──────── DATA IN THIS EXERCISE ────────

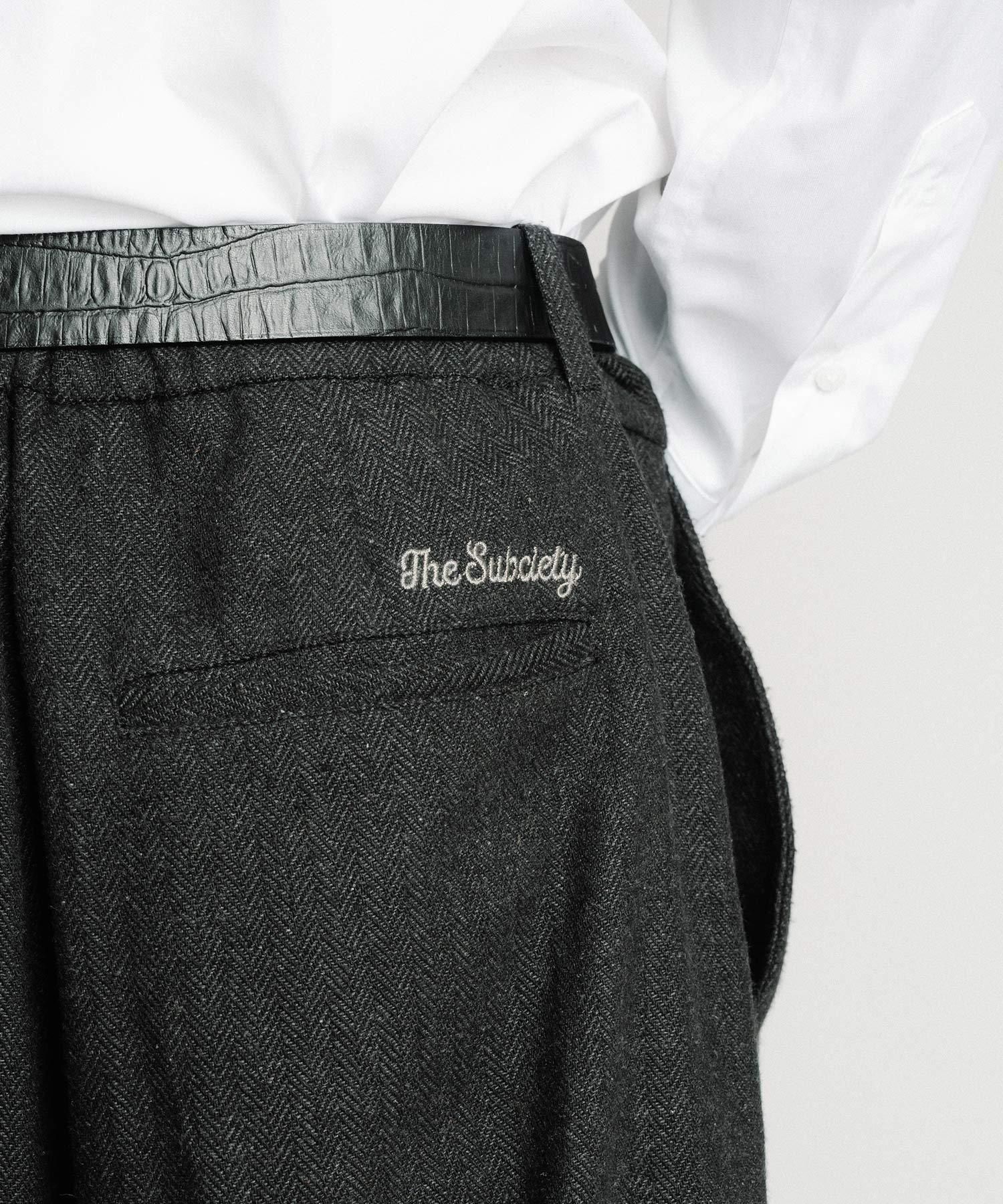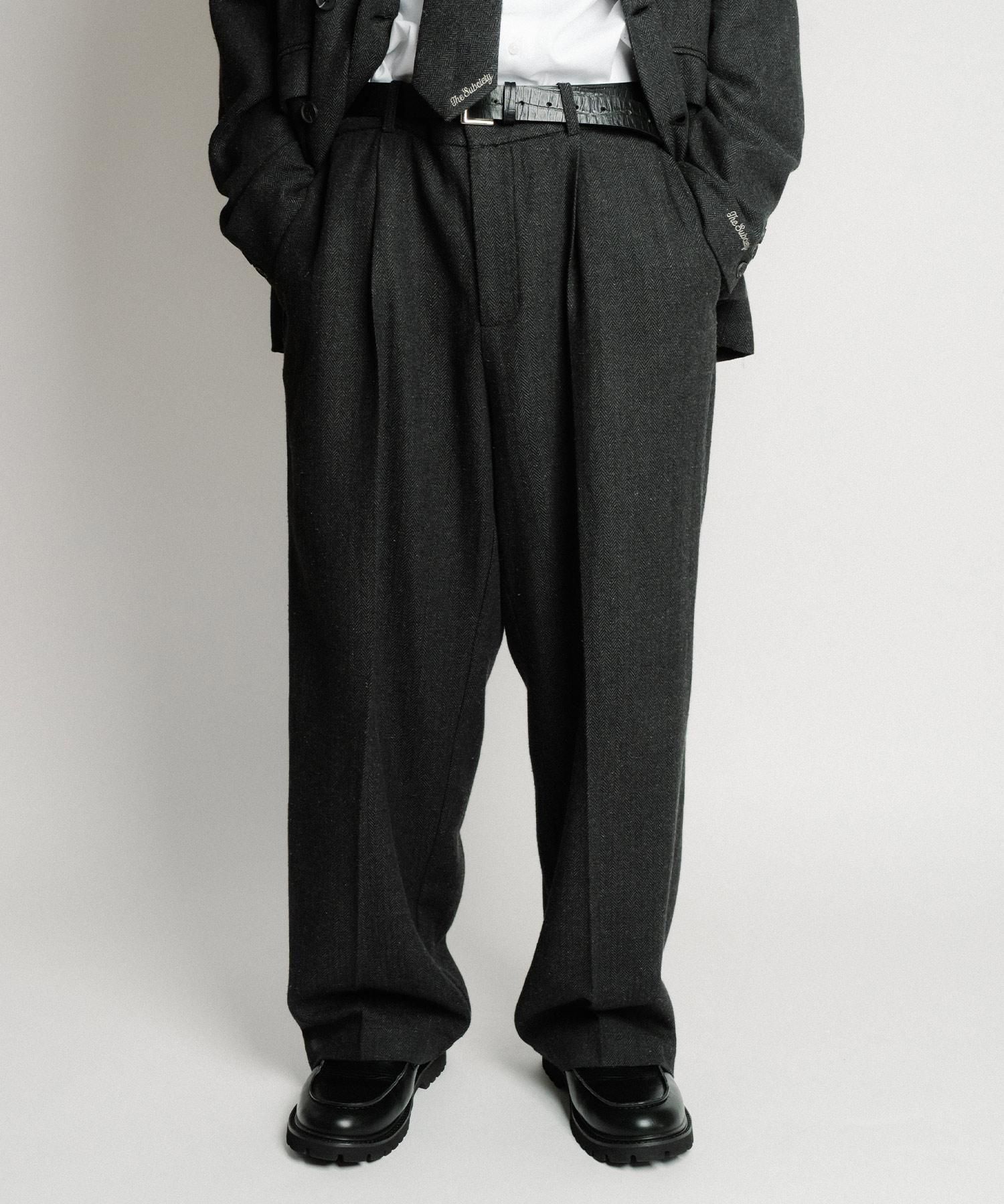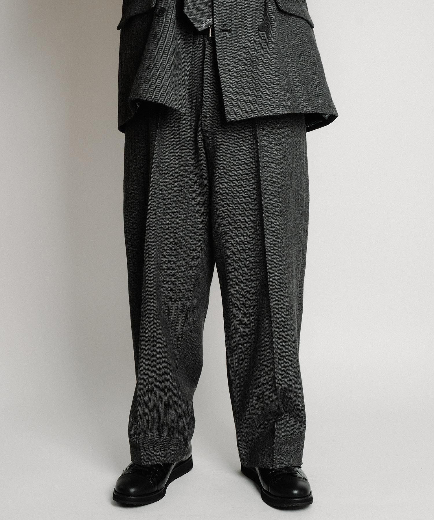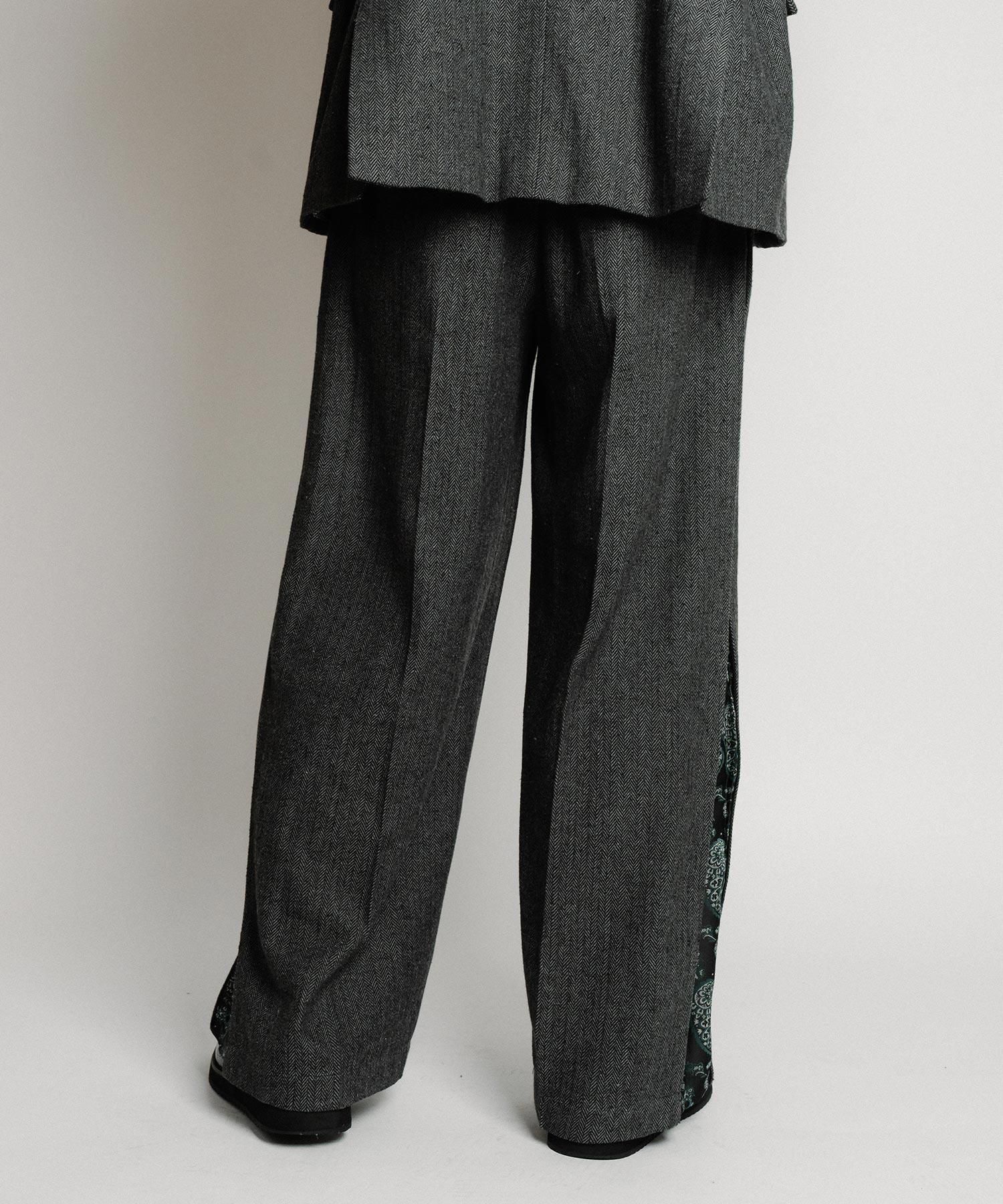2つの表情を併せ持つワイドスラックス。メイン生地は温かみと独特な表面感が魅力のヘリンボーン柄ツイード生地を採用。
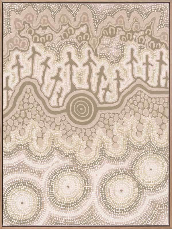 Winmara Canvas Art Print – Full of life and energy, this Aboriginal Artwork brings a sense of character and movement to your space with an alluring array of lines, dots, and circular shapes created using traditional Aboriginal Art techniques. With a neutral palette of soft beige tones, this modern Aboriginal Artwork will make a beautiful statement in your space with its dynamic details and adventurous design. Urban Road is committed to investing a stream of ongoing financial support back to our Artist community. For every artwork sold, a percentage of the sale price goes directly back to the Indigenous Artist. Bringing you a brand-new range of traditional Aboriginal art for sale, the sixth instalment to our Aboriginal wall art Australia collection takes an intricate look at Dreamtime storytelling by several coveted Aboriginal artists. Each of these modern Aboriginal artworks have their own story and meaning, with the artists drawing on upon their personal life experiences, exuding strength, resilience, and a profound sense of connection. Immerse yourself in a vibrant spectrum of colours, from bright and warm to subdued, soft and neutral, making this collection an ideal complement to any interior style. The use of striking patterns and shapes bring a vibrant, moving energy to any room, with the option for a framed canvas print to elevate your space. Buy an Aboriginal artwork online today and honour the Aboriginal culture and the remarkable artistic traditions that have shaped generations. Disclaimer: Colours of Urban Road products may vary due to device display differences, monitor settings, inherent product variations, lighting conditions, and screen calibration. While we strive for accuracy, slight variations may occur. For any concerns, contact our customer support. Your satisfaction is our priority. STRETCHED CANVAS Urban Road's stretched canvas fine art prints are professionally printed on polycotton artist canvas, using archival inks and then stretched and gallery wrapped. This means the image is stretched around a 38mm frame to create a seamless, museum-quality finish. All stretched and box framed art prints arrive ready to hang. SHADOW BOX FRAMES We also offer the option to add a shadow box frame to your Urban Road canvas art print. A little different from a traditional framed print, the canvas sits within the box frame with a 5mm gap, creating a sophisticated shadow effect between the frame and the canvas. Our solid timber box frame mouldings are 10mm wide, and 55mm deep, and add approximately 40mm to the length and height of the listed canvas size. ROLLED CANVAS ART At Urban Road, we also offer you the option to purchase your canvas art print unframed to allow you to have it framed your own way. As with our stretched and box framed canvas products, our rolled canvas prints are professionally printed on durable, museum-quality, matte coated polycotton canvas and made to order. Our rolled canvas products are printed to the listed stretched size, and come with an additional 45mm mirrored edge plus another 60mm white border to allow for gallery wrapping.
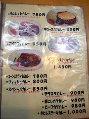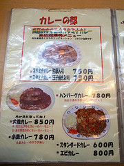いつもだとメニューも見ずに「焼きの中!(スタミナカレーの玉子焼きを中盛)」とコールするのですが、今日はスタミナの肉だけじゃなくハンバーグも食べたかったので(皆さん気づいてないかもだけど、この店の屋号「カレーとハンバーグの店」ですからね?w)、ハンバーグとスタミナ肉のハーフ&ハーフ(ただし玉子抜き)であるデラスタを中盛で。
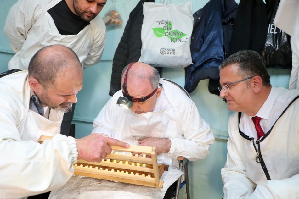 Vali Muammer Erol, ana arı yetiştiriciliği eğitim alanında 23 kursiyerlerin çalışmalarını yerince inceleyerek, kursiyerlere başarılar diledi.
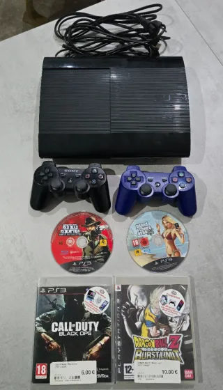 Se vende pack de PlayStation 3 Super Slim de 500 gb con todo lo necesario para empezar a jugar. Incluye la consola,cables, dos mandos y varios juegos. - Consola PlayStation 3 Super Slim. - Mando DualShock 3 negro original. - Mando Azul compatible nuevo a estrenar. - Juego Red Dead Redemption (Game of the Year Edition),solo disco. - Juego Grand Theft Auto V,solo disco. - Juego Call of Duty: Black Ops. - Juego Dragon Ball Z: Burst Limit. # ps3,ps4,ps5,nintendo switch 2,playstation 5.
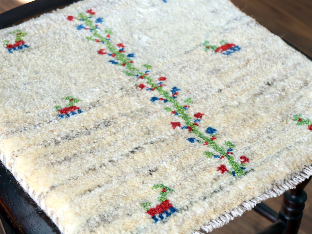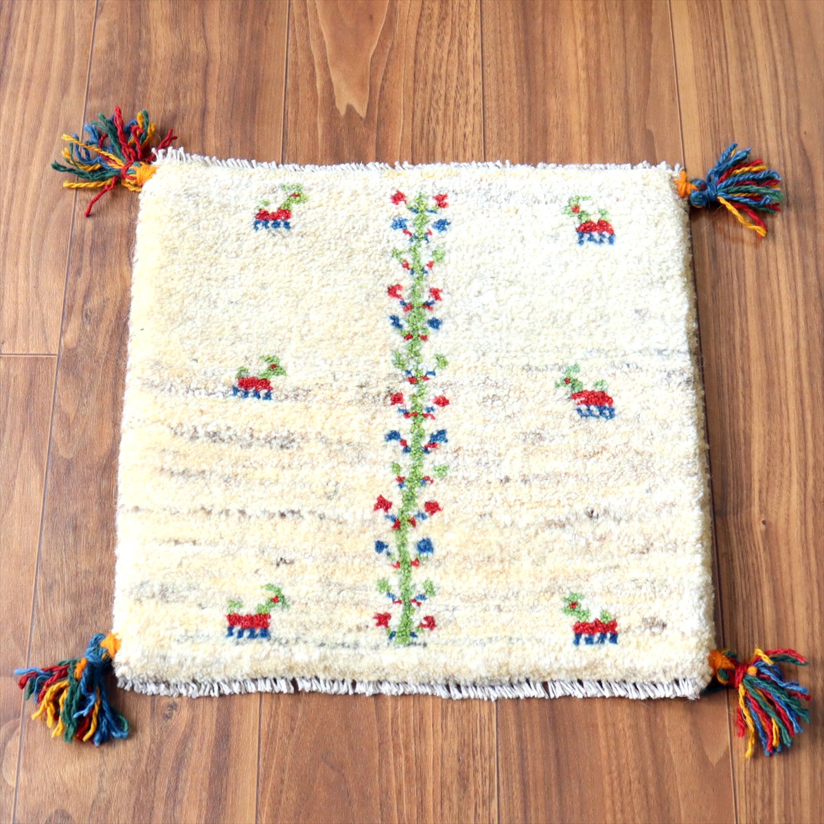 - ギャッベ イラン産手織り 座布団サイズ 39×40cm ナチュラルアイボリー 連なる生命の樹と動物
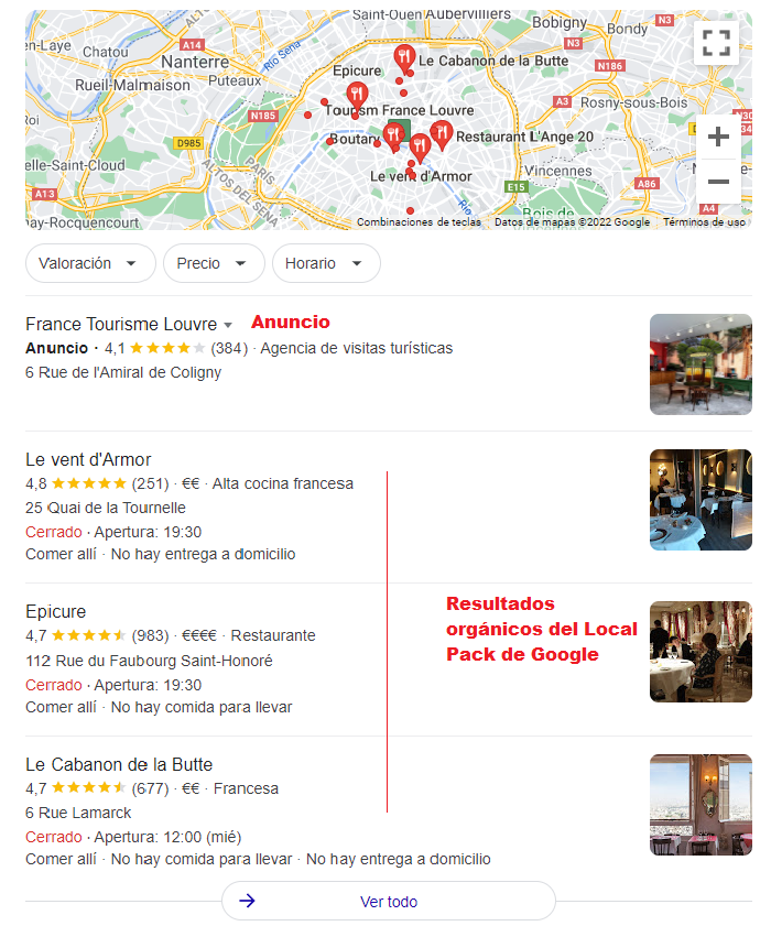 Además, cuando se trata de empresas con presencia local, lo que más se busca lógicamente es estar en las tres primeras posiciones de lo que conocemos como el Local Pack de Google:

────────

TASK TO COMPLETE:
Leave out the pictures and give the rest of the records again exactly.

TASK RESPONSE:
2つの表情を併せ持つワイドスラックス。メイン生地は温かみと独特な表面感が魅力のヘリンボーン柄ツイード生地を採用。
 Winmara Canvas Art Print – Full of life and energy, this Aboriginal Artwork brings a sense of character and movement to your space with an alluring array of lines, dots, and circular shapes created using traditional Aboriginal Art techniques. With a neutral palette of soft beige tones, this modern Aboriginal Artwork will make a beautiful statement in your space with its dynamic details and adventurous design. Urban Road is committed to investing a stream of ongoing financial support back to our Artist community. For every artwork sold, a percentage of the sale price goes directly back to the Indigenous Artist. Bringing you a brand-new range of traditional Aboriginal art for sale, the sixth instalment to our Aboriginal wall art Australia collection takes an intricate look at Dreamtime storytelling by several coveted Aboriginal artists. Each of these modern Aboriginal artworks have their own story and meaning, with the artists drawing on upon their personal life experiences, exuding strength, resilience, and a profound sense of connection. Immerse yourself in a vibrant spectrum of colours, from bright and warm to subdued, soft and neutral, making this collection an ideal complement to any interior style. The use of striking patterns and shapes bring a vibrant, moving energy to any room, with the option for a framed canvas print to elevate your space. Buy an Aboriginal artwork online today and honour the Aboriginal culture and the remarkable artistic traditions that have shaped generations. Disclaimer: Colours of Urban Road products may vary due to device display differences, monitor settings, inherent product variations, lighting conditions, and screen calibration. While we strive for accuracy, slight variations may occur. For any concerns, contact our customer support. Your satisfaction is our priority. STRETCHED CANVAS Urban Road's stretched canvas fine art prints are professionally printed on polycotton artist canvas, using archival inks and then stretched and gallery wrapped. This means the image is stretched around a 38mm frame to create a seamless, museum-quality finish. All stretched and box framed art prints arrive ready to hang. SHADOW BOX FRAMES We also offer the option to add a shadow box frame to your Urban Road canvas art print. A little different from a traditional framed print, the canvas sits within the box frame with a 5mm gap, creating a sophisticated shadow effect between the frame and the canvas. Our solid timber box frame mouldings are 10mm wide, and 55mm deep, and add approximately 40mm to the length and height of the listed canvas size. ROLLED CANVAS ART At Urban Road, we also offer you the option to purchase your canvas art print unframed to allow you to have it framed your own way. As with our stretched and box framed canvas products, our rolled canvas prints are professionally printed on durable, museum-quality, matte coated polycotton canvas and made to order. Our rolled canvas products are printed to the listed stretched size, and come with an additional 45mm mirrored edge plus another 60mm white border to allow for gallery wrapping.
いつもだとメニューも見ずに「焼きの中!(スタミナカレーの玉子焼きを中盛)」とコールするのですが、今日はスタミナの肉だけじゃなくハンバーグも食べたかったので(皆さん気づいてないかもだけど、この店の屋号「カレーとハンバーグの店」ですからね?w)、ハンバーグとスタミナ肉のハーフ&ハーフ(ただし玉子抜き)であるデラスタを中盛で。
 Vali Muammer Erol, ana arı yetiştiriciliği eğitim alanında 23 kursiyerlerin çalışmalarını yerince inceleyerek, kursiyerlere başarılar diledi.
 Se vende pack de PlayStation 3 Super Slim de 500 gb con todo lo necesario para empezar a jugar. Incluye la consola,cables, dos mandos y varios juegos. - Consola PlayStation 3 Super Slim. - Mando DualShock 3 negro original. - Mando Azul compatible nuevo a estrenar. - Juego Red Dead Redemption (Game of the Year Edition),solo disco. - Juego Grand Theft Auto V,solo disco. - Juego Call of Duty: Black Ops. - Juego Dragon Ball Z: Burst Limit. # ps3,ps4,ps5,nintendo switch 2,playstation 5.
 - ギャッベ イラン産手織り 座布団サイズ 39×40cm ナチュラルアイボリー 連なる生命の樹と動物
 Además, cuando se trata de empresas con presencia local, lo que más se busca lógicamente es estar en las tres primeras posiciones de lo que conocemos como el Local Pack de Google:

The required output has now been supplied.